Records from a dataset:
========

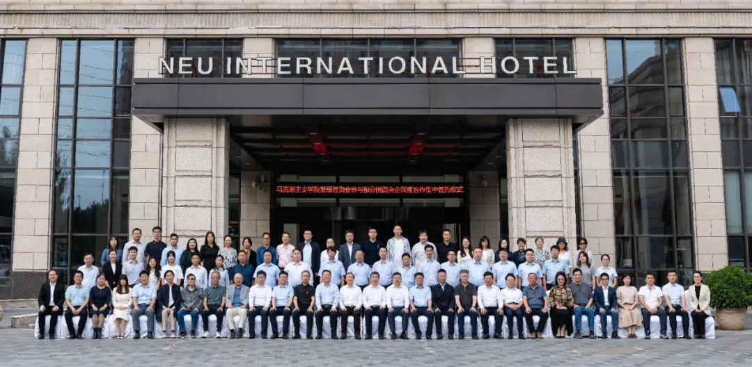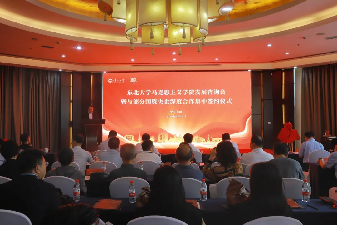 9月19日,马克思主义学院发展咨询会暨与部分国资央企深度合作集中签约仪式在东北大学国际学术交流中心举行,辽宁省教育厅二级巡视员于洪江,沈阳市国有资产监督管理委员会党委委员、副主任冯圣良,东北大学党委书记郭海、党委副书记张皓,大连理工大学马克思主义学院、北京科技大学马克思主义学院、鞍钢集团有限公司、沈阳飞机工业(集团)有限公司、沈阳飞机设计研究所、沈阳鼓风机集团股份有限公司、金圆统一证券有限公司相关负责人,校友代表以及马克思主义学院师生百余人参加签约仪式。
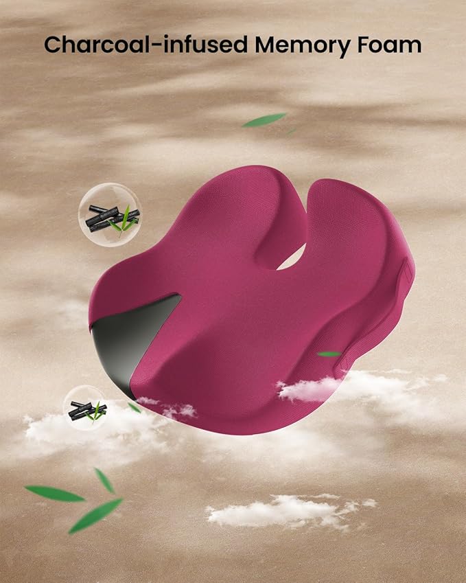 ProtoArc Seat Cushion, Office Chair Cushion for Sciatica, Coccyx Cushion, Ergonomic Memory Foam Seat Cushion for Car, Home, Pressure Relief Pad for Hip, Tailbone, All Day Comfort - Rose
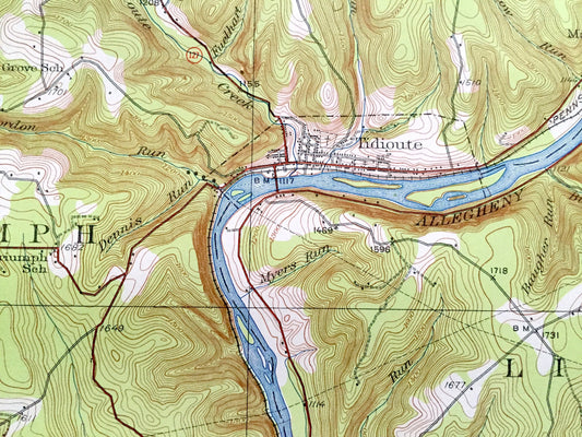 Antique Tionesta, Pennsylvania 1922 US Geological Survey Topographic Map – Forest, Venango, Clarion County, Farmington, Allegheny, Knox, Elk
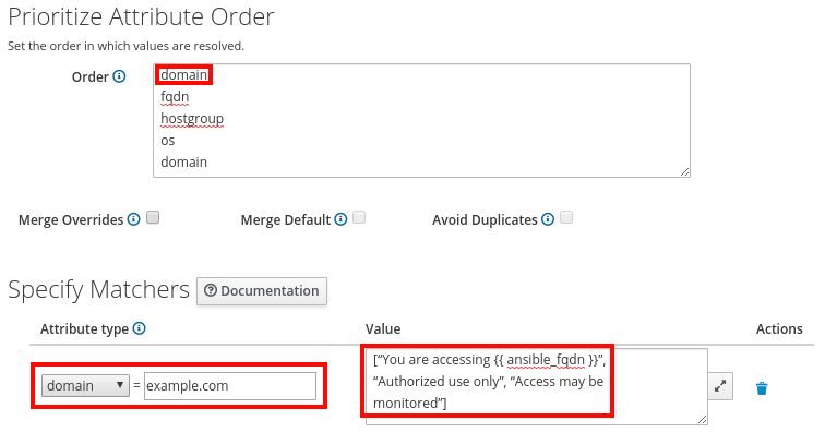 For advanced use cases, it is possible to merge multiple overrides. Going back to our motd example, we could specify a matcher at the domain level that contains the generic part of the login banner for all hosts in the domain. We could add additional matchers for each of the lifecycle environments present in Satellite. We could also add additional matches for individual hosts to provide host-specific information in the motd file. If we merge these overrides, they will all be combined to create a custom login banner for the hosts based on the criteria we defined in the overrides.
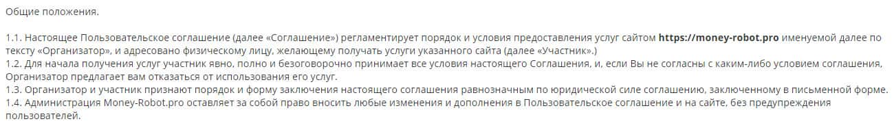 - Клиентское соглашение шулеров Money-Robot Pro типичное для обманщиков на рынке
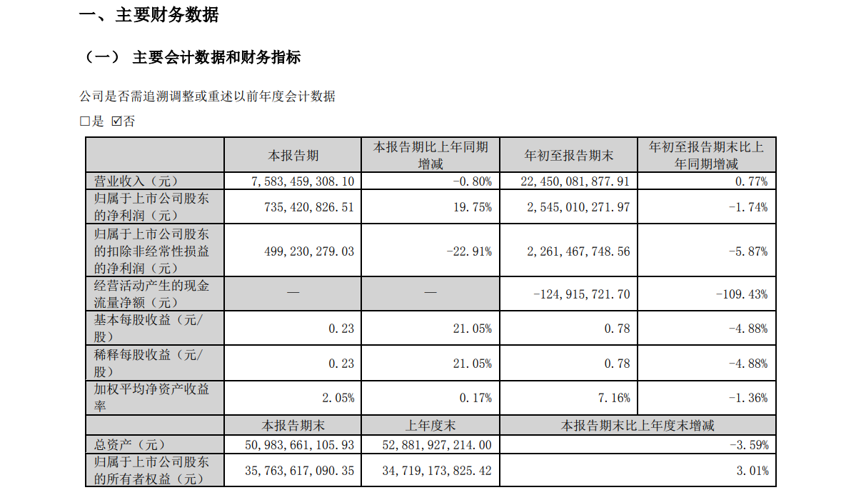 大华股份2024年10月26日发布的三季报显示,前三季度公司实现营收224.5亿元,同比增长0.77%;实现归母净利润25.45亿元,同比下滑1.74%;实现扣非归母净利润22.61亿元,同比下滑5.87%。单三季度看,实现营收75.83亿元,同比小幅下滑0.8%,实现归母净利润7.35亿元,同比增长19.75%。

========

> **TO DO**: Copy out the lines above in full and unaltered, apart from the pictures.

> **TASK RESPONSE**:
 9月19日,马克思主义学院发展咨询会暨与部分国资央企深度合作集中签约仪式在东北大学国际学术交流中心举行,辽宁省教育厅二级巡视员于洪江,沈阳市国有资产监督管理委员会党委委员、副主任冯圣良,东北大学党委书记郭海、党委副书记张皓,大连理工大学马克思主义学院、北京科技大学马克思主义学院、鞍钢集团有限公司、沈阳飞机工业(集团)有限公司、沈阳飞机设计研究所、沈阳鼓风机集团股份有限公司、金圆统一证券有限公司相关负责人,校友代表以及马克思主义学院师生百余人参加签约仪式。
 ProtoArc Seat Cushion, Office Chair Cushion for Sciatica, Coccyx Cushion, Ergonomic Memory Foam Seat Cushion for Car, Home, Pressure Relief Pad for Hip, Tailbone, All Day Comfort - Rose
 Antique Tionesta, Pennsylvania 1922 US Geological Survey Topographic Map – Forest, Venango, Clarion County, Farmington, Allegheny, Knox, Elk
 For advanced use cases, it is possible to merge multiple overrides. Going back to our motd example, we could specify a matcher at the domain level that contains the generic part of the login banner for all hosts in the domain. We could add additional matchers for each of the lifecycle environments present in Satellite. We could also add additional matches for individual hosts to provide host-specific information in the motd file. If we merge these overrides, they will all be combined to create a custom login banner for the hosts based on the criteria we defined in the overrides.
 - Клиентское соглашение шулеров Money-Robot Pro типичное для обманщиков на рынке
 大华股份2024年10月26日发布的三季报显示,前三季度公司实现营收224.5亿元,同比增长0.77%;实现归母净利润25.45亿元,同比下滑1.74%;实现扣非归母净利润22.61亿元,同比下滑5.87%。单三季度看,实现营收75.83亿元,同比小幅下滑0.8%,实现归母净利润7.35亿元,同比增长19.75%。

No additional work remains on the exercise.